On 29/05/12 22:50, Russell Coker wrote:
Disks are getting bigger all the time. Nowadays it would be silly to consider purchasing a disk for a desktop system that's less than 2TB in size and
Except that for anything I'm building now I'll want an SSD, even desktops. I have three servers which still use spinning boot disks (two with clients use RAID1, one personal one doesn't), and one with an SSD (Debian k/FreeBSD ZFS NAS, SSD also used for ZIL/L2ARC). My two T410's use SSD's, and even my MacBook uses a Seagate Hybrid drive. My desktop is also SSD boot. Two of the servers date from 2009, one from 2007, I didn't become comfortable with SSD's until the 2010 election (which is when I installed the SSD currently in my laptop, which according to SMART still has 38% of life left) I still don't use huge root filesystems, although on new ones I'd use 20GB, my laptop has a 15GB root and that's starting to get tight, although I keep all sorts of random packages installed.

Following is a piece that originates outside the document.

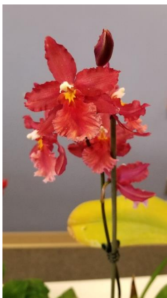
Rlc. Santa Fe Gold and Ons. Pacific Perspective

The thing about the debugging symbol table is that you never know when you will need it. Having it always there seems to have no cost that matters but it can provide significant benefits. So why ship a program or shared object that's stripped?
Ubuntu at least does this by storing all symbols for all relevent package versions "in the cloud" so you can use when needed. I think Debian were planning to deploy this as well, but I've no idea if that happened.